▶ Dataset extract
::::::::
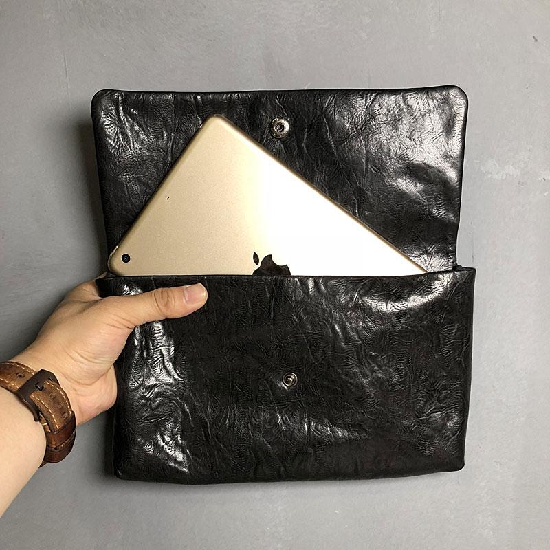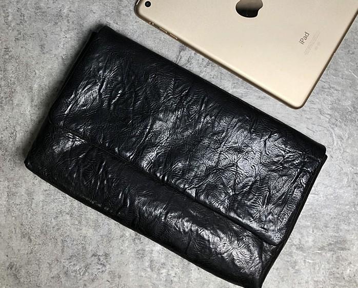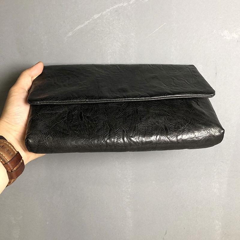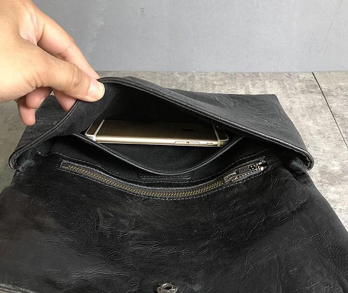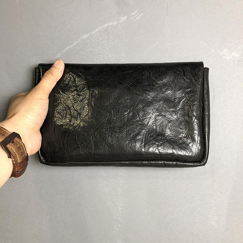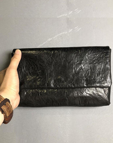 Design: Handmade Leather Mens Clutch Cool Slim Wallet Zipper Clutch Wristlet Wallet for Men
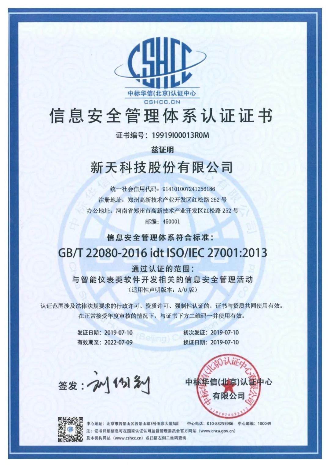 作為國內(nèi)著名的智能儀表品牌,新天科技不斷加大安全技術(shù)防范的投入,確保用戶隱私安全及運(yùn)營系統(tǒng)穩(wěn)定。通過聚焦關(guān)鍵核心技術(shù),牢牢把握自主創(chuàng)新主動(dòng)權(quán),吸引培育高端人才團(tuán)隊(duì),牢筑信息安全屏障。經(jīng)過多年的實(shí)踐和優(yōu)化,新天科技已建立起一套對標(biāo)國際的安全管理體系,并在近期通過了ISO27001認(rèn)證。
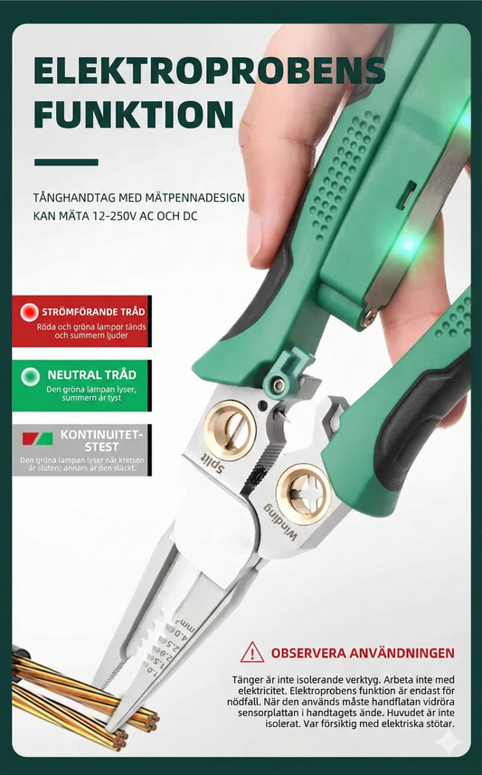 Allt-i-ett Elektrikertång (8 funktioner) – Skala, Klipp och Mät spänning
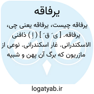 یرفاقه. [ ی َ ق َ ] ( اِ ) ذافنی الاسکندرانی. غار اسکندرانی. نوعی از مازریون که برگ آن پهن و شبیه به برگ درخت غار است از این رو شبیه الغار نیز گویند و در مغرب مازره یا مازریون و در شام بقله نامند. ( یادداشت مؤلف ). و رجوع به ذافنی و ذافنی الاسکندرانی شود.
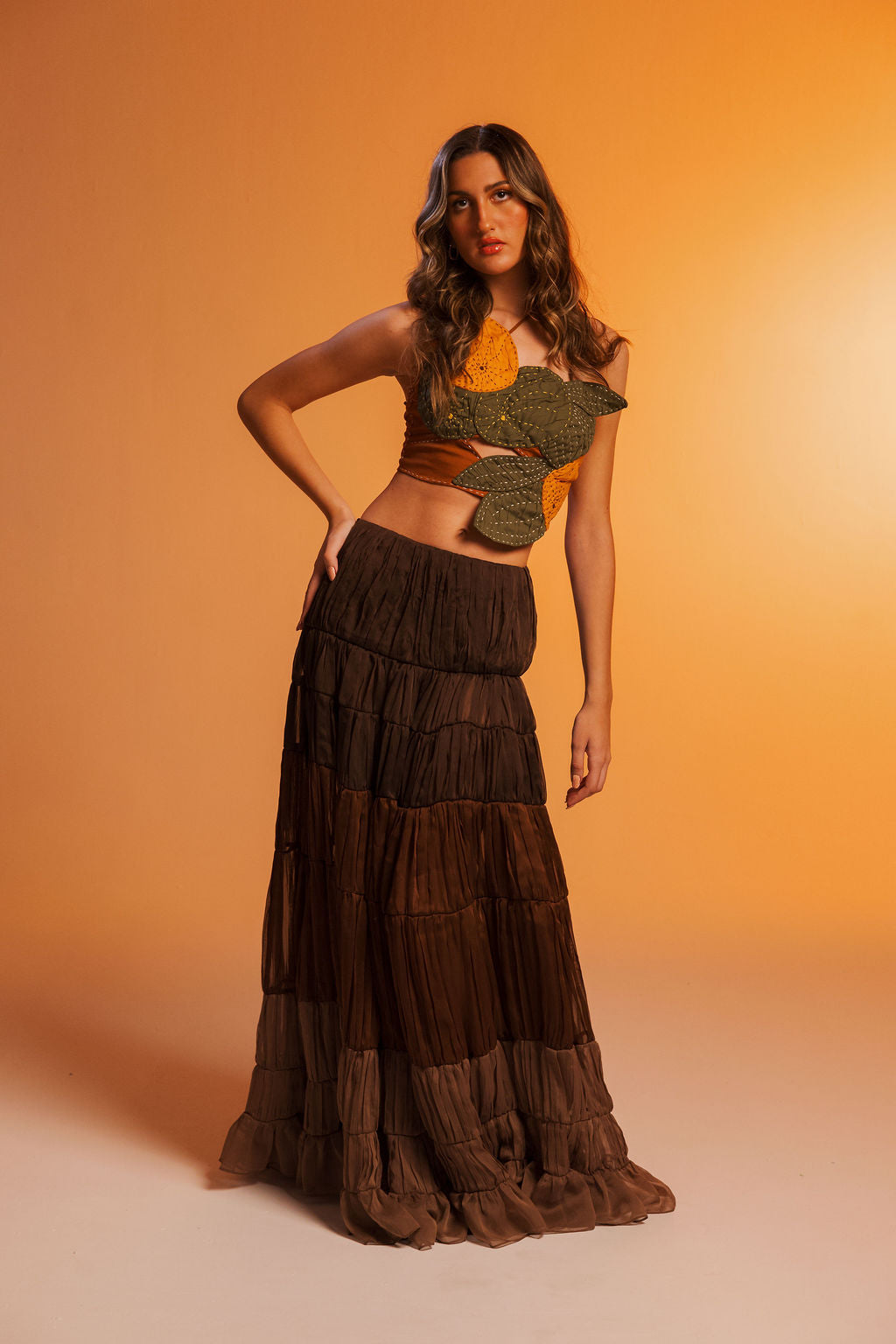 A true artisanal statement piece. The Bon Crop Top is crafted from layered cotton shapes, molded by hand. Featuring delicate hand-embroidery and an open back with thin adjustable straps and ceramic bead finishes. Ideal for elevated summer looks.
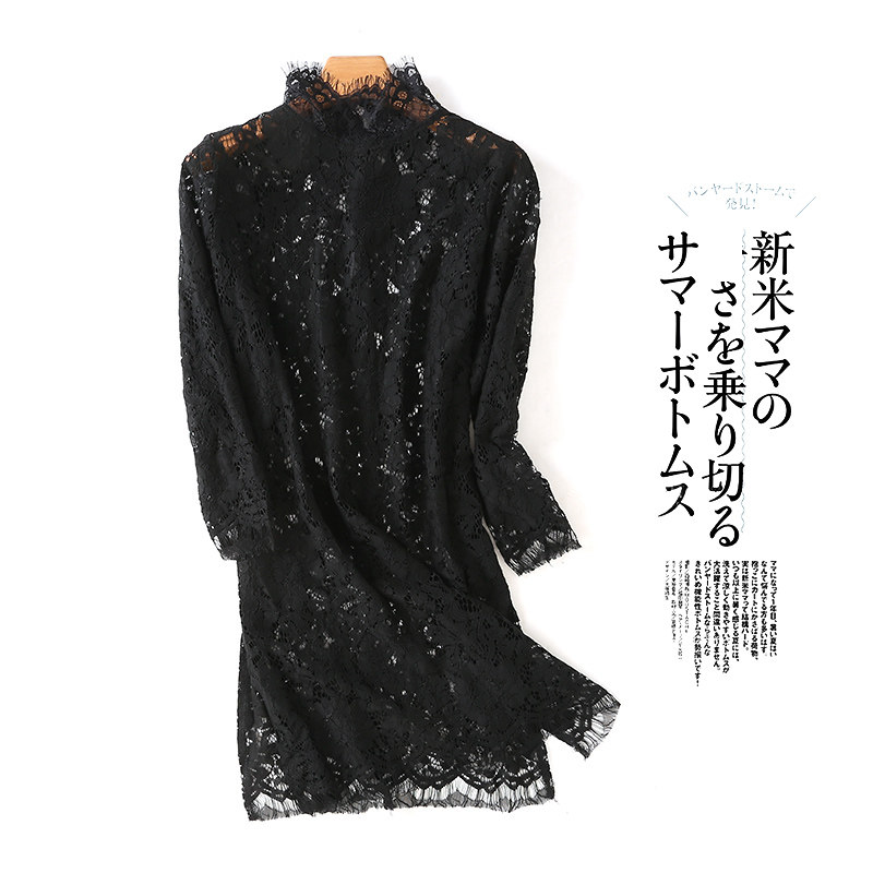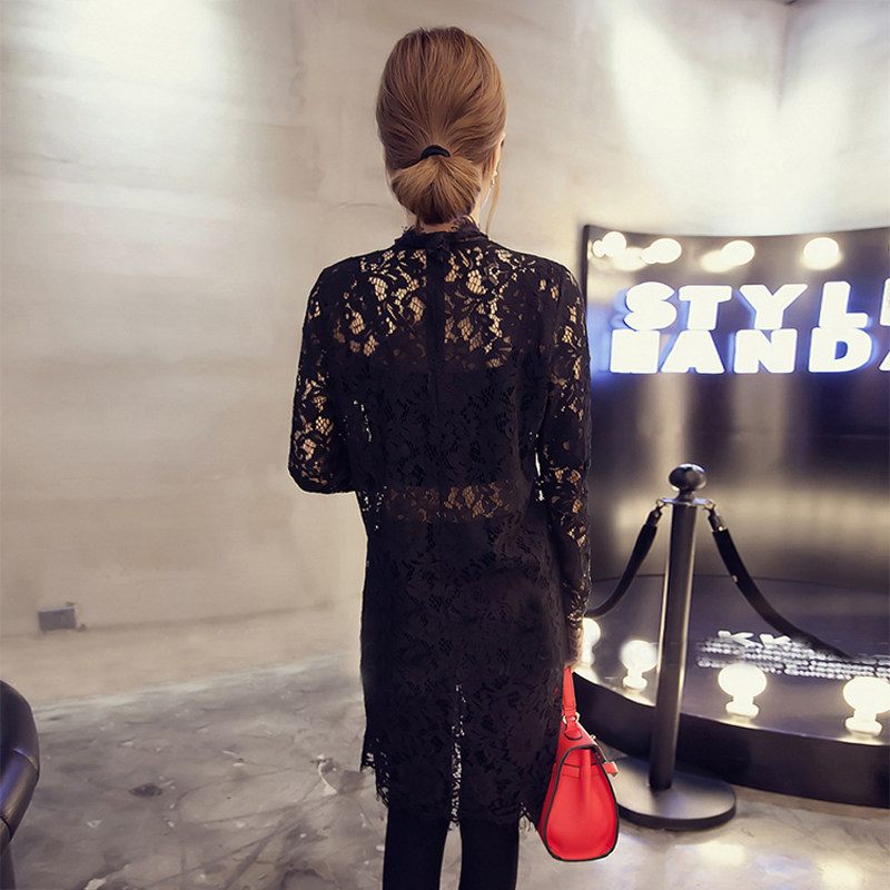 Korean long-sleeved stand-up collar eyelashes lace bottoming shirt hollow perspective inner wear outer wear blouse lace collar sexy skirt
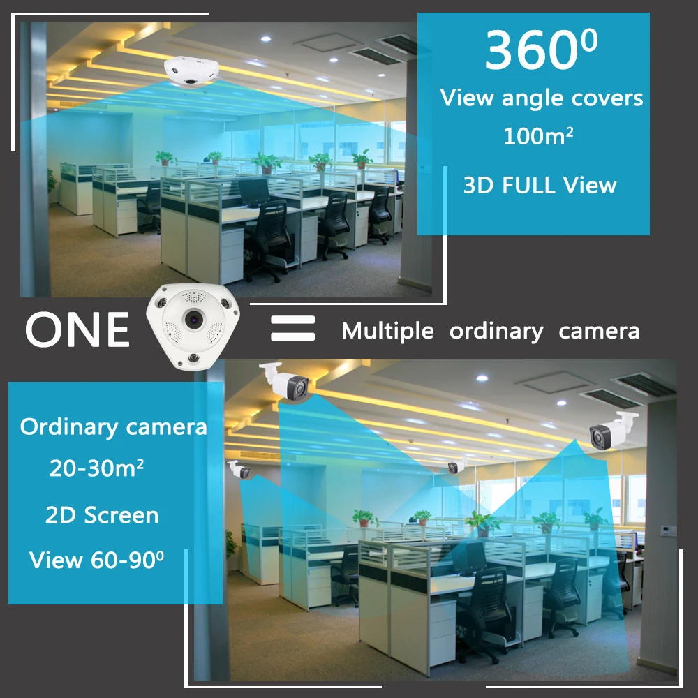 OUERTECH Full View WIFI 360 камера двухсторонняя аудио панорамная камера 1080P инфракрасное ночное видение WIFI смарт-камера безопасности IP VR камера
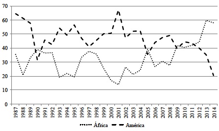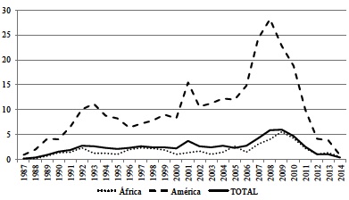 En relación al control de fronteras, para el gobierno español estos planes fueron un éxito, de forma que si en el año 2006, 35 mil clandestinos llegaron por vía marítima, en 2012 solo lo hicieron 4 mil. Ahora bien, es importante señalar que las salidas del continente africano no se han frenado, sino que los migrantes han buscado rutas alternativas y más peligrosas para evitar los dispositivos de control, lo que ha incrementado el número de muertes en el mar. Por lo que respecta a la ayuda al desarrollo española, esta aumentó en aquellos países que colaboraron con el control de las fronteras. Desde el año 2007 el porcentaje de ayuda al desarrollo española en África aumenta y desde 2011 sobrepasa el porcentaje destinado a América (Figura 6).
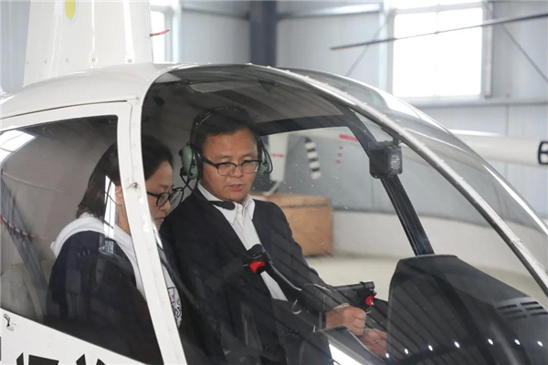 ??座谈会后,蒲斌副区长一行前往飞行基地参观,了解学生飞行训练及机场建设情况,并亲身体验了直升机飞行。
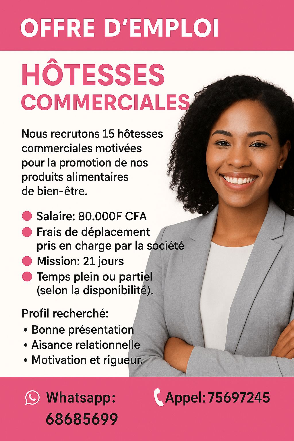 Offre d' emploi HÔTESSES COMMERCIALES Nous recrutons 15 hôtesses co
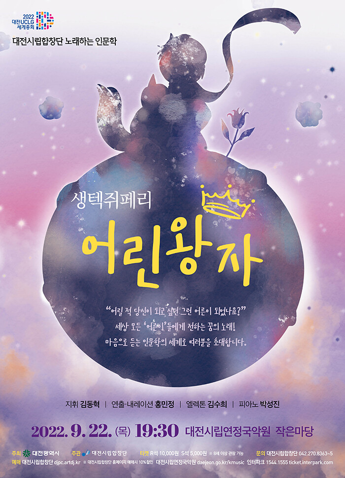 [세계로컬타임즈 민순혜 기자] 대전시립합창단 노래하는 인문학 생텍쥐페리의 ‘어린왕자’가 오는 22일 오후 대전시립연정국악원 작은마당 무대에 오른다.
::::::::
▶ Task to complete
Repeat the lines above exactly, and keep every picture out.

▶ Output for this exercise
 Design: Handmade Leather Mens Clutch Cool Slim Wallet Zipper Clutch Wristlet Wallet for Men
 作為國內(nèi)著名的智能儀表品牌,新天科技不斷加大安全技術(shù)防范的投入,確保用戶隱私安全及運(yùn)營系統(tǒng)穩(wěn)定。通過聚焦關(guān)鍵核心技術(shù),牢牢把握自主創(chuàng)新主動(dòng)權(quán),吸引培育高端人才團(tuán)隊(duì),牢筑信息安全屏障。經(jīng)過多年的實(shí)踐和優(yōu)化,新天科技已建立起一套對標(biāo)國際的安全管理體系,并在近期通過了ISO27001認(rèn)證。
 Allt-i-ett Elektrikertång (8 funktioner) – Skala, Klipp och Mät spänning
 یرفاقه. [ ی َ ق َ ] ( اِ ) ذافنی الاسکندرانی. غار اسکندرانی. نوعی از مازریون که برگ آن پهن و شبیه به برگ درخت غار است از این رو شبیه الغار نیز گویند و در مغرب مازره یا مازریون و در شام بقله نامند. ( یادداشت مؤلف ). و رجوع به ذافنی و ذافنی الاسکندرانی شود.
 A true artisanal statement piece. The Bon Crop Top is crafted from layered cotton shapes, molded by hand. Featuring delicate hand-embroidery and an open back with thin adjustable straps and ceramic bead finishes. Ideal for elevated summer looks.
 Korean long-sleeved stand-up collar eyelashes lace bottoming shirt hollow perspective inner wear outer wear blouse lace collar sexy skirt
 OUERTECH Full View WIFI 360 камера двухсторонняя аудио панорамная камера 1080P инфракрасное ночное видение WIFI смарт-камера безопасности IP VR камера
 En relación al control de fronteras, para el gobierno español estos planes fueron un éxito, de forma que si en el año 2006, 35 mil clandestinos llegaron por vía marítima, en 2012 solo lo hicieron 4 mil. Ahora bien, es importante señalar que las salidas del continente africano no se han frenado, sino que los migrantes han buscado rutas alternativas y más peligrosas para evitar los dispositivos de control, lo que ha incrementado el número de muertes en el mar. Por lo que respecta a la ayuda al desarrollo española, esta aumentó en aquellos países que colaboraron con el control de las fronteras. Desde el año 2007 el porcentaje de ayuda al desarrollo española en África aumenta y desde 2011 sobrepasa el porcentaje destinado a América (Figura 6).
 ??座谈会后,蒲斌副区长一行前往飞行基地参观,了解学生飞行训练及机场建设情况,并亲身体验了直升机飞行。
 Offre d' emploi HÔTESSES COMMERCIALES Nous recrutons 15 hôtesses co
 [세계로컬타임즈 민순혜 기자] 대전시립합창단 노래하는 인문학 생텍쥐페리의 ‘어린왕자’가 오는 22일 오후 대전시립연정국악원 작은마당 무대에 오른다.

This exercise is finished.